From the grid to swing to J Dilla — an interactive exploration of micro-timing
This started when Brooklyn — jazz drummer, musical polymath — told Myk she thought groove might have something to do with Class IV cellular automata. The intuition: groove isn't randomness and it isn't precision. It's the zone between.
Your body already knows this. When a beat grooves, you don't analyze it — you feel it. That felt sense is your somatic resonance sensorium detecting structured non-commutativity. The commutator is non-zero, and it has pattern, and your body says yes.
Groove is one element of music among many — grid-based music isn't lesser, it simply puts its energy elsewhere (arrangement, timbre, dynamics). But groove specifically lives in timing, in the micro-relationships between when things happen. Here's a history of how rhythm found the liquid state.
Before drum machines, rhythm was always human — imprecise by nature. Then in 1980, the Linn LM-1 arrived, and for the first time, you could program beats on an exact grid. Every hit snaps to the nearest subdivision. Perfectly in time.

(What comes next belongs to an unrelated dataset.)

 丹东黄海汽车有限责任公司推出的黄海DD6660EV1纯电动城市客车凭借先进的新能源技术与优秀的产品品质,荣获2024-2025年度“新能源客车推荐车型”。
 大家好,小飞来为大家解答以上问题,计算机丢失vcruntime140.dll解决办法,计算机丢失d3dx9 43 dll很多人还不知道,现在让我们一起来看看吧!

The grid is enormously powerful. It democratized rhythm — suddenly anyone could make beats without being a drummer. Kraftwerk, early hip-hop, house, techno, and most electronic music are built on the grid. There's a precision and clarity to it that enables forms of complexity that would be impossible with loose timing.
But from a groove perspective, the grid commutes: every instrument shares the same time reference, every beat is equidistant from its neighbors. There's no tension between parts, no push-and-pull. The timing dimension carries no information beyond "on" or "off."

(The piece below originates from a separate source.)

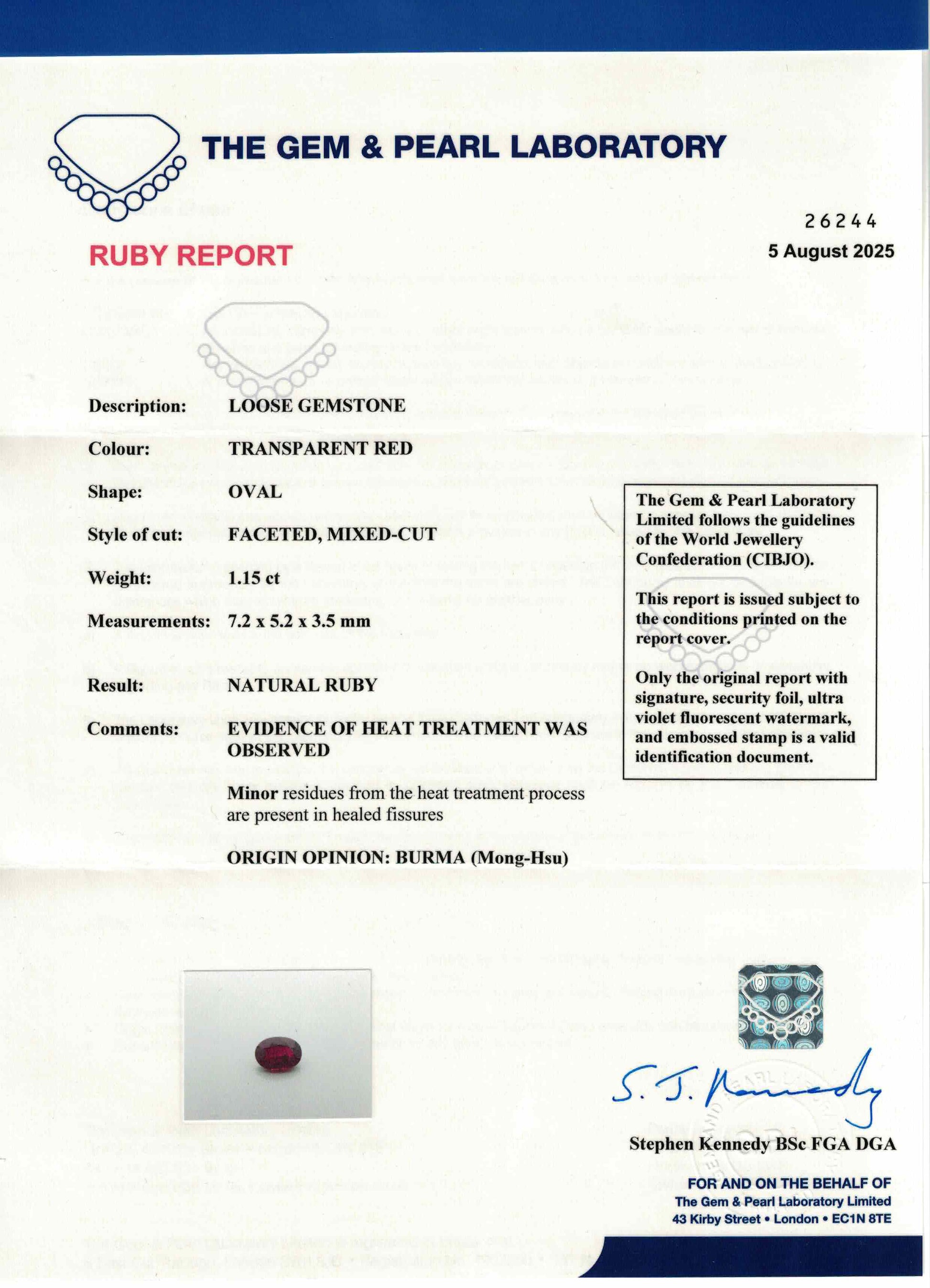 7.26x5.20mm Oval Burmese Ruby - Certificated (RUV75AAX)

You can nod to a grid beat — you might even bang your head to it. But the timing itself doesn't pull your body in different directions. The signal is fully predictable in the time domain, so your body engages with other aspects — the timbre, the dynamics, the arrangement — while the timing fades into background.
Kraftwerk, 808 State, early Detroit techno, most EDM. Also: any MIDI sequence with quantize on. The grid is the default.
Roger Linn knew the grid needed something. So the MPC60 (1988) shipped with a swing knob: push every other 16th note late by a percentage. 50% = straight. 66% = triplet feel. Anywhere in between = bounce.
Swing is a uniform deformation of the grid. Every instrument swings together, by the same amount. It's a single parameter applied globally — one shared, warped grid. The non-commutativity is real (early and late positions aren't interchangeable), and it grooves. Your body responds to the push-pull of the deformed grid.
But it's the same deformation for everyone. One number. One feel. Predictable once you're locked in.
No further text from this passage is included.